**Input data:**
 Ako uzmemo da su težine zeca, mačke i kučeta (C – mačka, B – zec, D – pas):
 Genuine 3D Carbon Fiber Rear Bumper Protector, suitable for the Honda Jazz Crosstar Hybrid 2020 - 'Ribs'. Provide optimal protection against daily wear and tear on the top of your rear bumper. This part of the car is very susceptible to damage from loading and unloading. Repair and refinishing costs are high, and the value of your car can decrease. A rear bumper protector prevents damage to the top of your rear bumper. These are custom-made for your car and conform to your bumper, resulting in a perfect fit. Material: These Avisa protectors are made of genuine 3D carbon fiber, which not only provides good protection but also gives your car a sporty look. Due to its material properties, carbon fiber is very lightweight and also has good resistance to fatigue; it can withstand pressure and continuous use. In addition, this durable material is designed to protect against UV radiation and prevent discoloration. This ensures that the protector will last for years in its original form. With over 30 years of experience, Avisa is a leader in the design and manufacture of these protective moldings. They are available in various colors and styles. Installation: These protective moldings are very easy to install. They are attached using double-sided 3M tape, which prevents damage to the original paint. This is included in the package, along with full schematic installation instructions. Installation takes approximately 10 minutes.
...
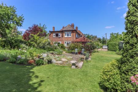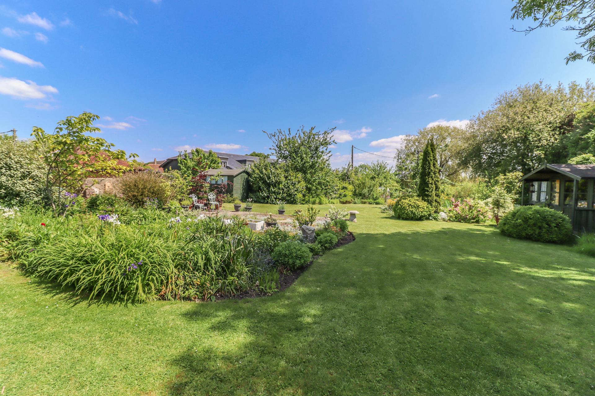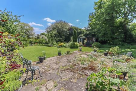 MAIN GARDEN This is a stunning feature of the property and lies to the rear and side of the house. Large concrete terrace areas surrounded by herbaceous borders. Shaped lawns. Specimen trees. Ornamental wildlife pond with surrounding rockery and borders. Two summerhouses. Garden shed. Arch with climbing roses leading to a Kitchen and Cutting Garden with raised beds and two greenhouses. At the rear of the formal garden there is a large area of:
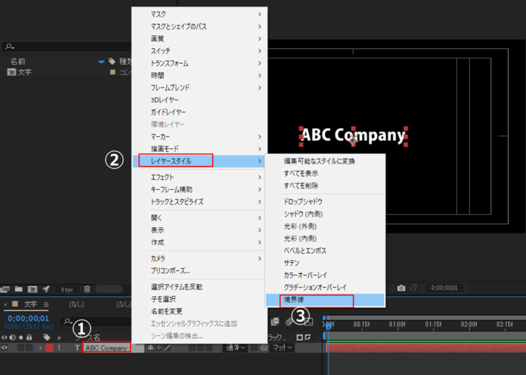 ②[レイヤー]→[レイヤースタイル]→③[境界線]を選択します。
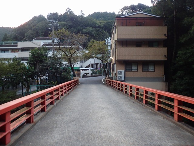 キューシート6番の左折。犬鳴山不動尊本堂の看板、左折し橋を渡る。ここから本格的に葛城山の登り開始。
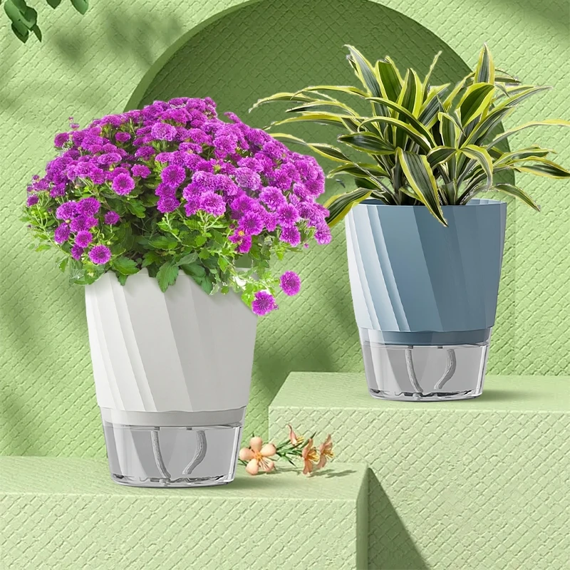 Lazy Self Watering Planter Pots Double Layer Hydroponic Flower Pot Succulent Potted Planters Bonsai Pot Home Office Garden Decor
--
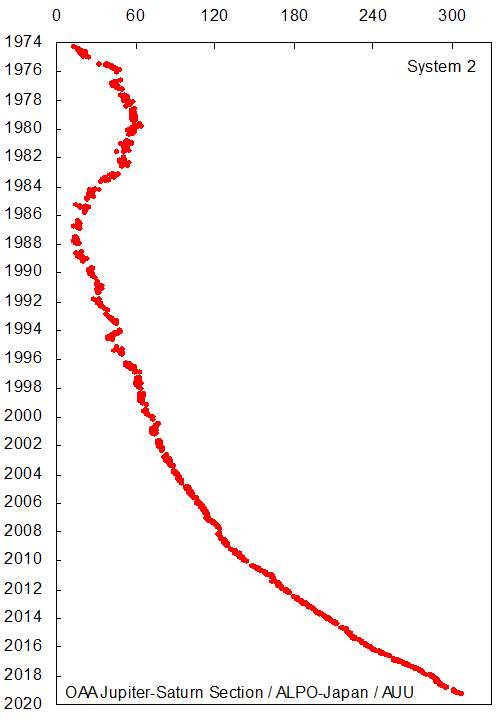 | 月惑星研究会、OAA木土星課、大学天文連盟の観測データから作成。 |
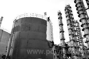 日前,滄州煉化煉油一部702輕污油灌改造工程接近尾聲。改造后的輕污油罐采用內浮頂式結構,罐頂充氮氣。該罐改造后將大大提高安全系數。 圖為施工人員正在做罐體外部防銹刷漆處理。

**What is being asked:** Among the entries above, locate the line with "②[レイヤー]→[レイヤースタイル]→③[境界線]を選択します。" and the line with "Lazy Self Watering". Give those two lines and all lines between them again, exactly, leaving out the pictures.

**Reply to the task:**
 ②[レイヤー]→[レイヤースタイル]→③[境界線]を選択します。
 キューシート6番の左折。犬鳴山不動尊本堂の看板、左折し橋を渡る。ここから本格的に葛城山の登り開始。
 Lazy Self Watering Planter Pots Double Layer Hydroponic Flower Pot Succulent Potted Planters Bonsai Pot Home Office Garden Decor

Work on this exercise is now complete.